- [ACTIVITY] Output the data in full. Keep every word exact and exclude the pictures.

- [TASK INPUT]
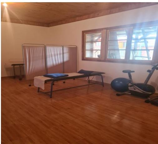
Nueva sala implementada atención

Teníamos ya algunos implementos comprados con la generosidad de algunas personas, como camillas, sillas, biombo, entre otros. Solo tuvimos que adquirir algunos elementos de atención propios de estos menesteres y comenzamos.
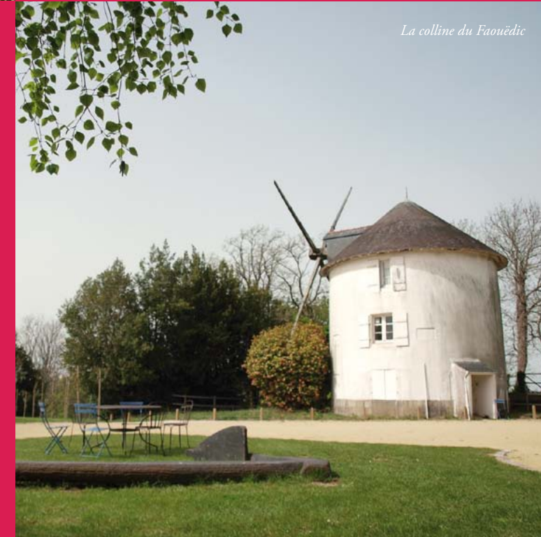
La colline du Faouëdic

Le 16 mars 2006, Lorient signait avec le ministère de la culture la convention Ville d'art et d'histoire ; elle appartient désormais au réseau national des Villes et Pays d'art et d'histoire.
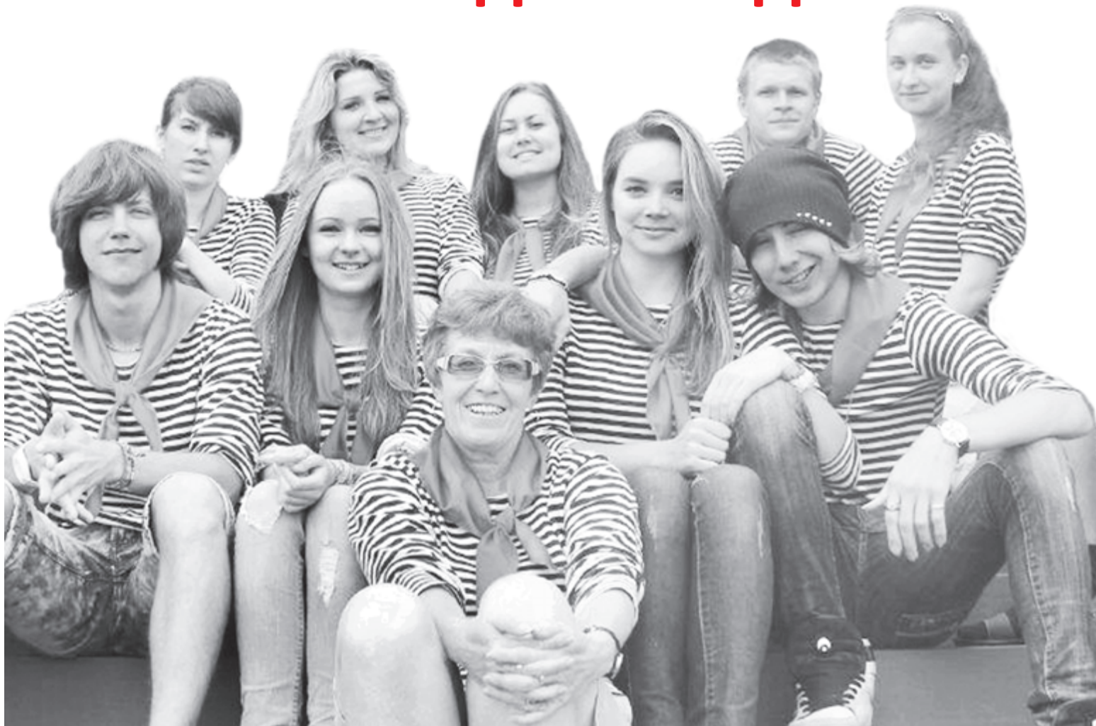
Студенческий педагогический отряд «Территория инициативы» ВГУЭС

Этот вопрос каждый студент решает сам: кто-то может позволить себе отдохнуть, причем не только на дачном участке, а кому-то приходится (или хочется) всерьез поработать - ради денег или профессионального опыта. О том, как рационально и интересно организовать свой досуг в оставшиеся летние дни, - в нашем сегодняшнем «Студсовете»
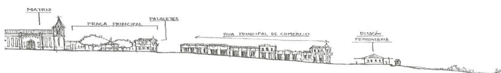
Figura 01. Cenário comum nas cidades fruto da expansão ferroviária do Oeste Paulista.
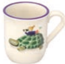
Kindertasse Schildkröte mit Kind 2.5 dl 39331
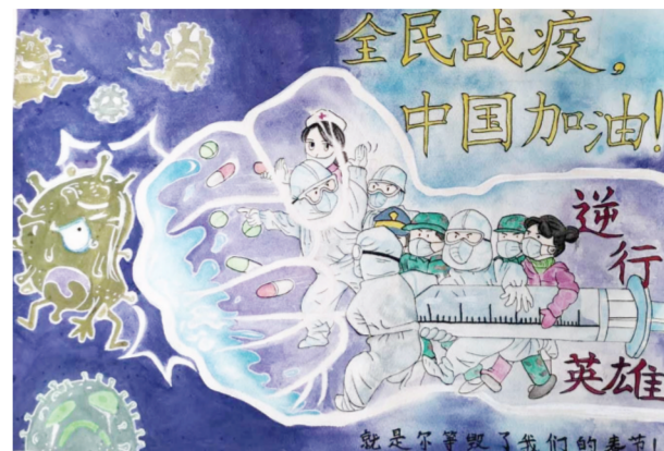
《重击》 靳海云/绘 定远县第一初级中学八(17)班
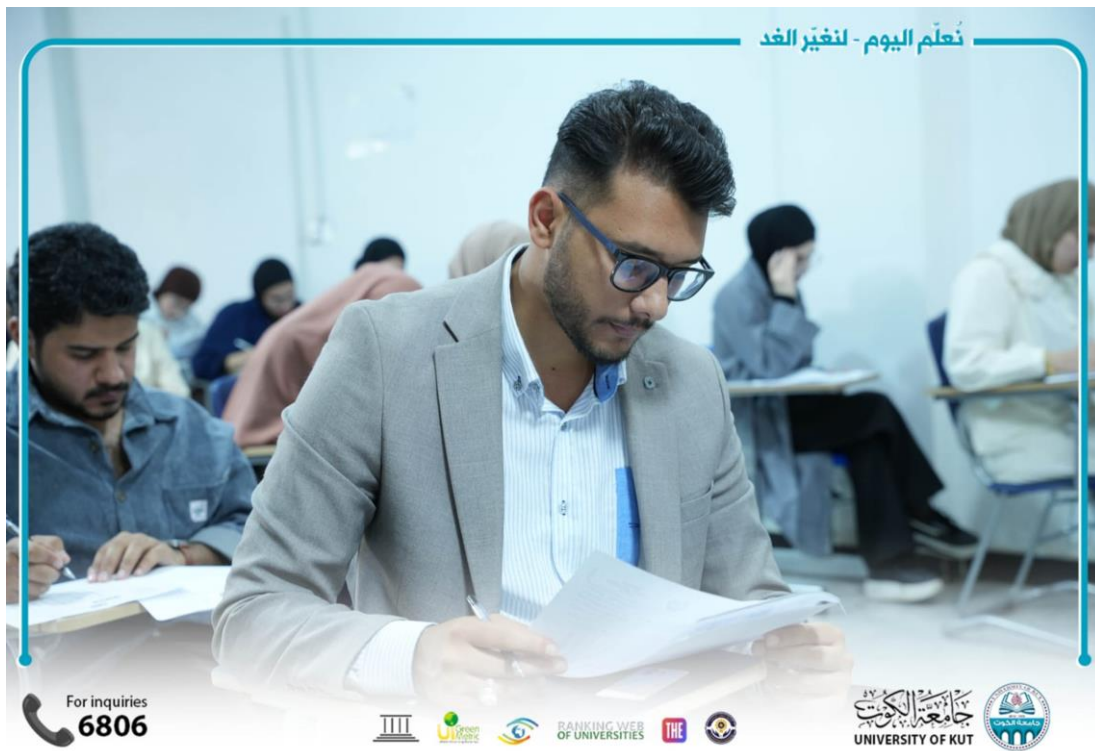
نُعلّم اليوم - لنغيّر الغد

- [ANSWER TO THIS EXERCISE]
Nueva sala implementada atención

Teníamos ya algunos implementos comprados con la generosidad de algunas personas, como camillas, sillas, biombo, entre otros. Solo tuvimos que adquirir algunos elementos de atención propios de estos menesteres y comenzamos.
La colline du Faouëdic

Le 16 mars 2006, Lorient signait avec le ministère de la culture la convention Ville d'art et d'histoire ; elle appartient désormais au réseau national des Villes et Pays d'art et d'histoire.
Студенческий педагогический отряд «Территория инициативы» ВГУЭС

Этот вопрос каждый студент решает сам: кто-то может позволить себе отдохнуть, причем не только на дачном участке, а кому-то приходится (или хочется) всерьез поработать - ради денег или профессионального опыта. О том, как рационально и интересно организовать свой досуг в оставшиеся летние дни, - в нашем сегодняшнем «Студсовете»
Figura 01. Cenário comum nas cidades fruto da expansão ferroviária do Oeste Paulista.
Kindertasse Schildkröte mit Kind 2.5 dl 39331
《重击》 靳海云/绘 定远县第一初级中学八(17)班
نُعلّم اليوم - لنغيّر الغد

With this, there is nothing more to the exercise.